One Brexit-supporting commenter here the other day said he was very angry that Brexit voters were constantly regarded with contempt by Remainers. I wonder how he might feel if he were constantly called a traitor, regarded as a non-person, a citizen of nowhere, an outcast from 'the people', someone treacherously aligned with that wicked entity called Europe?

Because that is what we - close to half of the country - have been treated to.

And how would Michael Gove feel if he were an intelligent, skilful, gainfully employed, French EU citizen of this country with an English partner, paying English taxes, but left to dangle over the channel without guarantees, without specific terms. She who had loved this country has come to loathe it for its treatment of her. I don't blame her at all. Michael Gove bawling crude simplicities at her, talking over her, dismissing her with that overbearing whining, know-it-all sneer of a voice, sums up the character of the Tory Brexiteer.

This to my angry, whining Brexiter. You won. Now do as you advised us to do within moments of your victory.

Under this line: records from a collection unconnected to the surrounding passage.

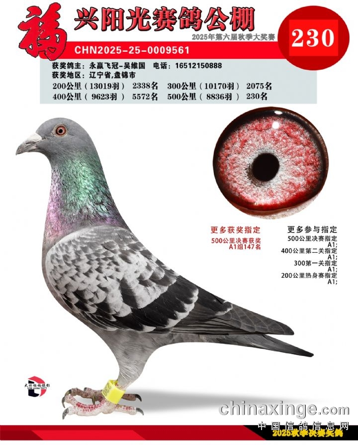 • 辽宁福兴阳光公棚加站赛冠军-30名获奖鸽照片 (2025-11-5 9:30:42)
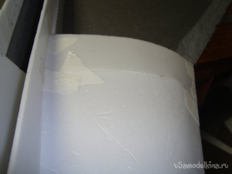 Начал наружную облицовку фюзеляжа белой. Потолочной плиткой.
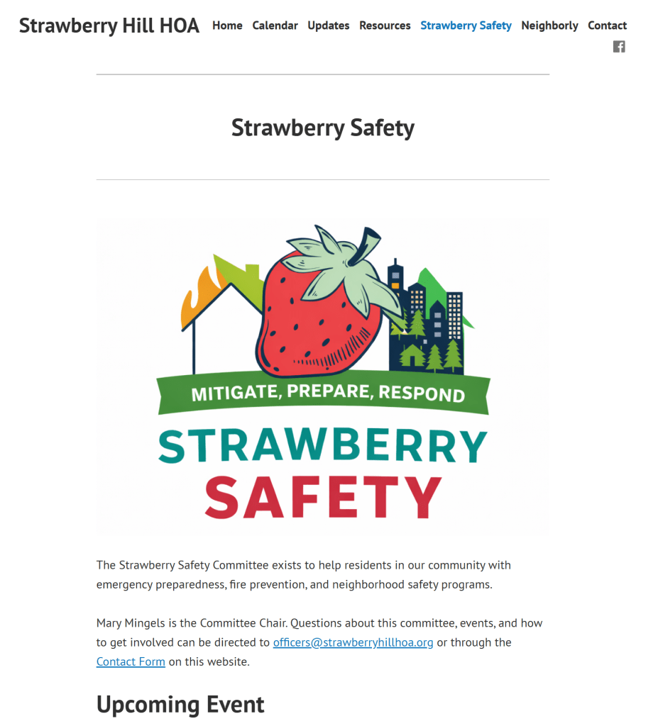 For the latest details about tomorrow’s event, please visit our website. You can access the Strawberry Safety page from the main menu, in between Resources and Neighborly.

Stop whining. 'Suck it up.' Take the loathing your cries of 'traitors' deserve. Enjoy what's coming.



NOWHERE FAST

Last night I was at LUMEN, reading a few translations along with illustrious others - Elaine Feinstein, Anthony Rudolf, Mimi Khalvati, Will Stone, Martyn Crucefix, Ruth O'Callaghan, Timothy Ades and more - in aid of the homeless. I had to leave at the interval to get the last-but-one train but I had checked the result from parliament.

One person at the reading had advised me that there might be civil unrest. I saw no sign of it. Everything was normal. On the train people were lost in books or papers or phones. No one said anything about the vote. No one said anything much at all. It was as if nothing had happened but I wondered how many of them were thinking about the vote and where it left us. At Ely, where I was due to change, they were just locking their waiting room and I spent about fifteen minutes on the platform, nursing the feeble remnants of my cold which had more or less vanished but for a cough. There was nothing in the air, no omens of any sort, just the BBC updates on the phone.

As to where the 230 vote defeat of May's deal does actually leave us, the immediate answer is: nowhere fast. Very fast. Some would rush us into a no-deal, others would look to escape by way of a new referendum.

Although I support a new referendum - we have a poster for it in the window - I don't imagine it would be a matter of sweetness and light if it did come about. It is likely to be foul tempered, verbally, and possibly physically, violent, and even more divisive than our current situation.

We are not in a negotiating and discussing mood. We are in a dark, stomping-off, muttering and cursing mood. The gutter press has brought us here.

Now we too are in the gutter. And not exactly looking at the stars.


ps
This morning I discover that the translators who were supposed to be after the interval did not get to read at all because there were too many people from the floor.




1 comment:

J. said...

Well put and I share your mixed feelings about a second referendum.